=== Source data ===
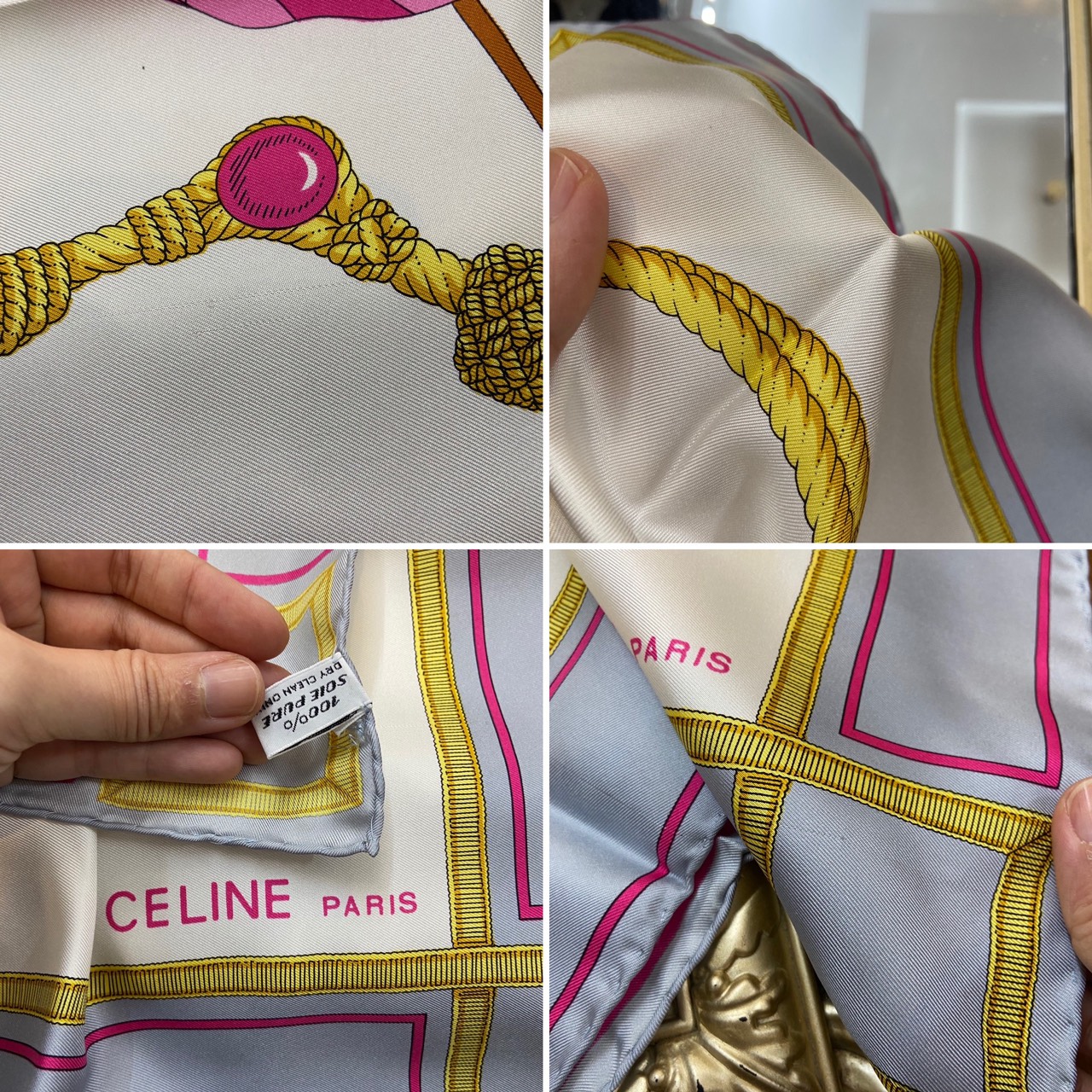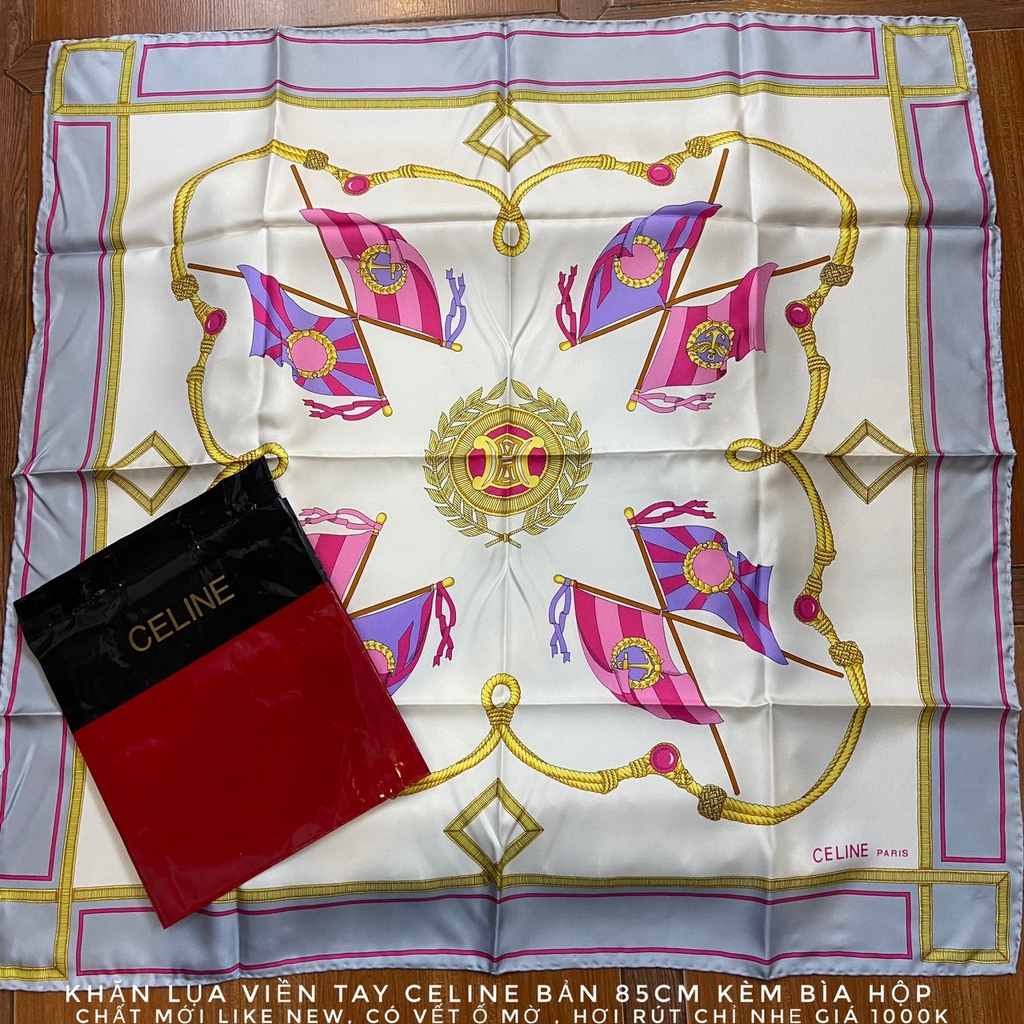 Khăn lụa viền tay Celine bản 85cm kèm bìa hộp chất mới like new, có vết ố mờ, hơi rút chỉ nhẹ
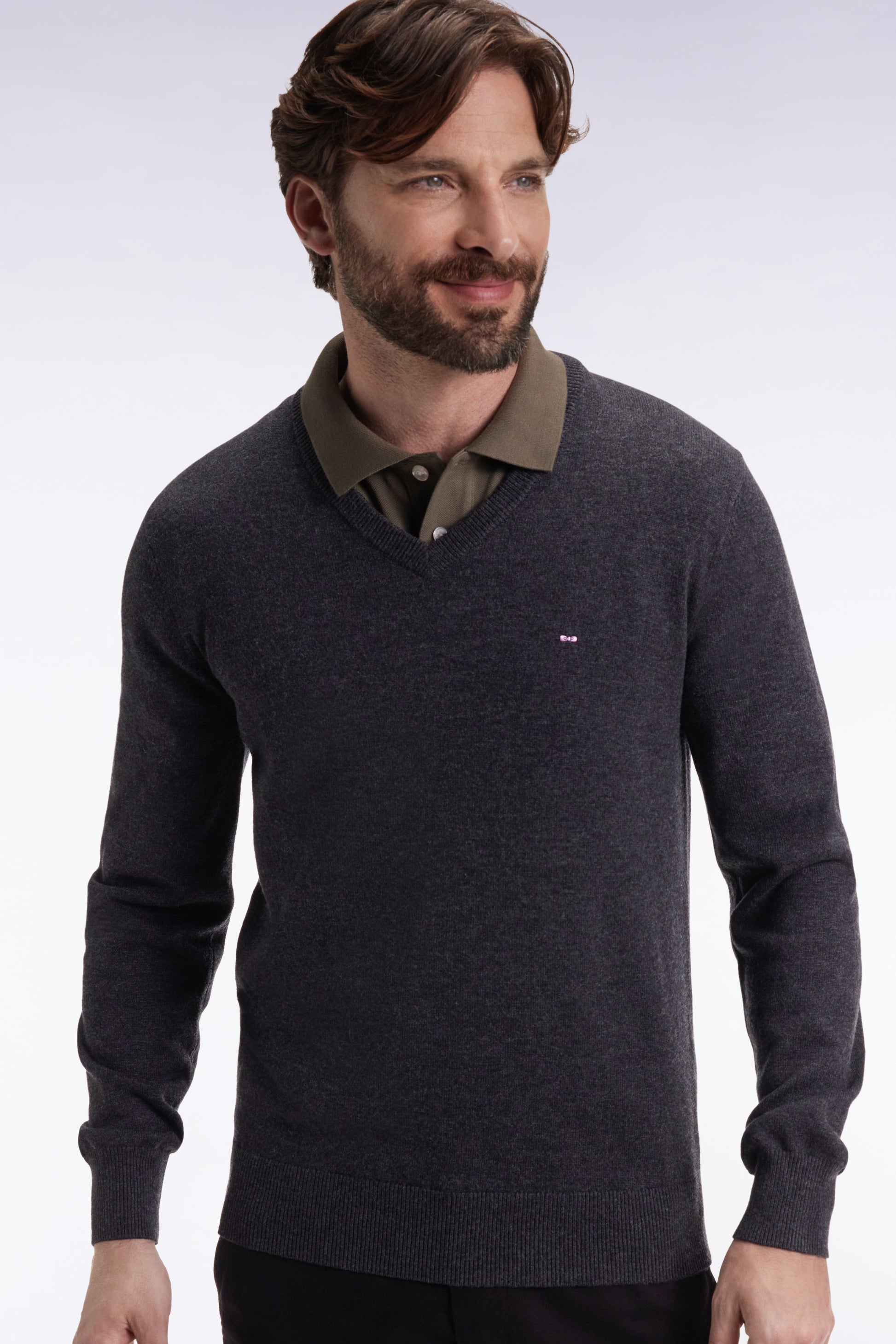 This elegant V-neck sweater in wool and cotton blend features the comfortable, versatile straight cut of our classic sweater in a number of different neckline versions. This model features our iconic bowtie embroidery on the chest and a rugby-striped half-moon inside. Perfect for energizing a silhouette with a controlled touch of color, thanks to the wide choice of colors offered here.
--
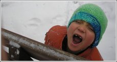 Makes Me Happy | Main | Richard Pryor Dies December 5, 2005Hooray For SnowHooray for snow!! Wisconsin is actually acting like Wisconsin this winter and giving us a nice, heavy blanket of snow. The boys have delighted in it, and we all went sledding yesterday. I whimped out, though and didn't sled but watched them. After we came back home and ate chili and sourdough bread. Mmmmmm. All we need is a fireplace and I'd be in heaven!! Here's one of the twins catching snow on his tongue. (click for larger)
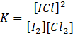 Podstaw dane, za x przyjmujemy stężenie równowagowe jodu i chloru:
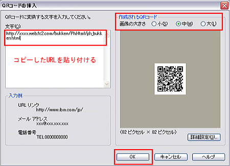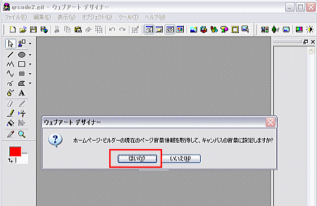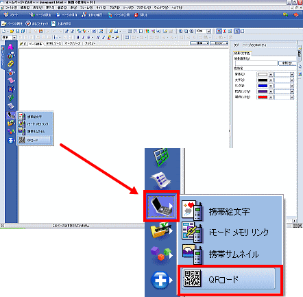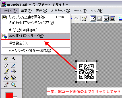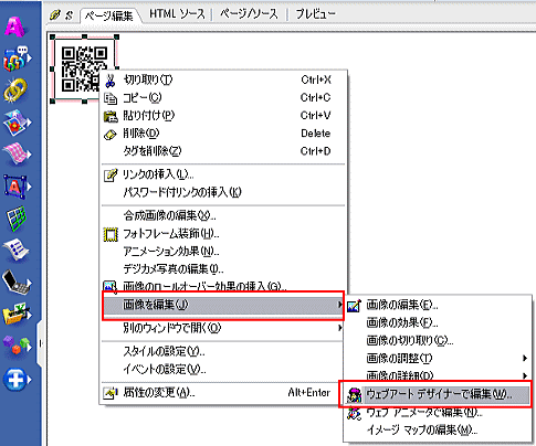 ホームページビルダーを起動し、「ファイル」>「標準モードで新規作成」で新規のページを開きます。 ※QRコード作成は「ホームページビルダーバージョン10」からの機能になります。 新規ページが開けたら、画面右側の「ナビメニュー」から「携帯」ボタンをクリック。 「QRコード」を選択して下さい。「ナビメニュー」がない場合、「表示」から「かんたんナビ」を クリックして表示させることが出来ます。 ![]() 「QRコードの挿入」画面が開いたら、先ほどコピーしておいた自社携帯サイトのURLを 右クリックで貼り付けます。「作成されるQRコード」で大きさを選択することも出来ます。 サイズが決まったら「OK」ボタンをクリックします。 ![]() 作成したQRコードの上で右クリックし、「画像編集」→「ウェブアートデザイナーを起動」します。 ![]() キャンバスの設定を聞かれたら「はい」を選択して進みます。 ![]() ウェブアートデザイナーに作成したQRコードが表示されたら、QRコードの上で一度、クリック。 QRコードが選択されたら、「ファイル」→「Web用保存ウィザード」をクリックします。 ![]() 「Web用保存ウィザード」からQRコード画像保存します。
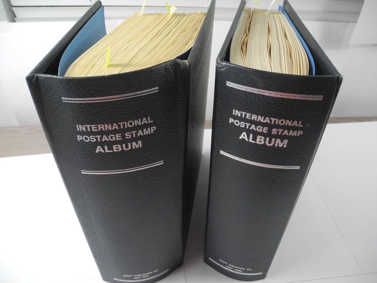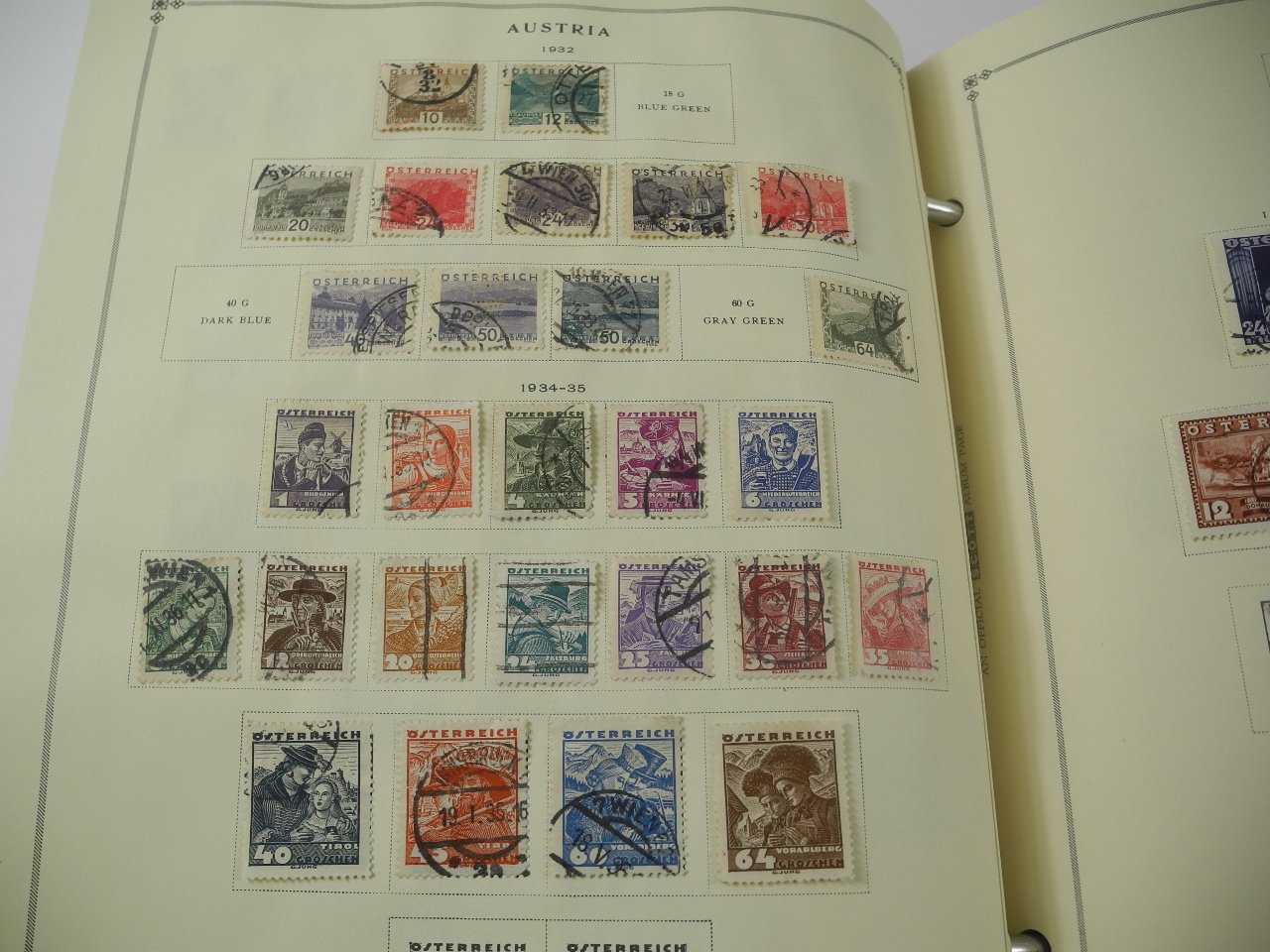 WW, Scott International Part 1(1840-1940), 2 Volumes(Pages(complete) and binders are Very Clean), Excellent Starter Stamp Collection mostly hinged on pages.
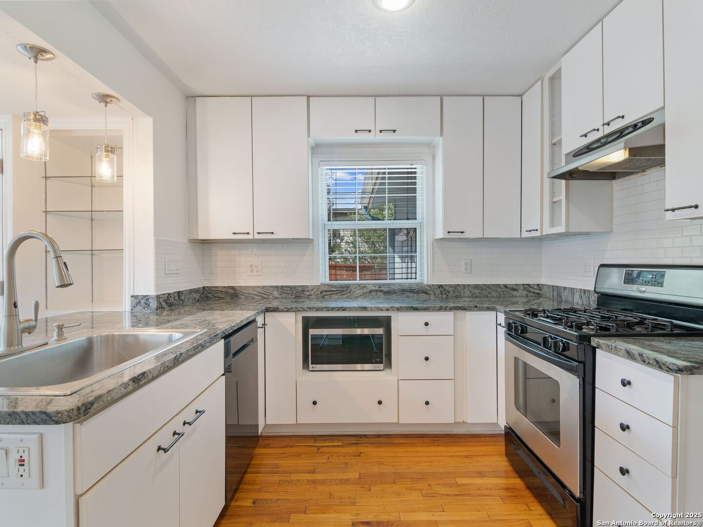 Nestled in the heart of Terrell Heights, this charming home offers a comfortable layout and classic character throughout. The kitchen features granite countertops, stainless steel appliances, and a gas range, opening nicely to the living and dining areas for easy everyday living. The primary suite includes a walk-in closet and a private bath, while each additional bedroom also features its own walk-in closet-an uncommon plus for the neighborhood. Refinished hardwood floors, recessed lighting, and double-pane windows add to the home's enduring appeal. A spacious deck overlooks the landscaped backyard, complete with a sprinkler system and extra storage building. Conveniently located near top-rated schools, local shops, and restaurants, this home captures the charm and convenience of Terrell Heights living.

=== Exercise ===
Of the lines above, quote exactly those from the one with "Khăn lụa viền" through the one with "This elegant V-neck", ends included; pictures stay out.

=== Solution for this problem ===
 Khăn lụa viền tay Celine bản 85cm kèm bìa hộp chất mới like new, có vết ố mờ, hơi rút chỉ nhẹ
 This elegant V-neck sweater in wool and cotton blend features the comfortable, versatile straight cut of our classic sweater in a number of different neckline versions. This model features our iconic bowtie embroidery on the chest and a rugby-striped half-moon inside. Perfect for energizing a silhouette with a controlled touch of color, thanks to the wide choice of colors offered here.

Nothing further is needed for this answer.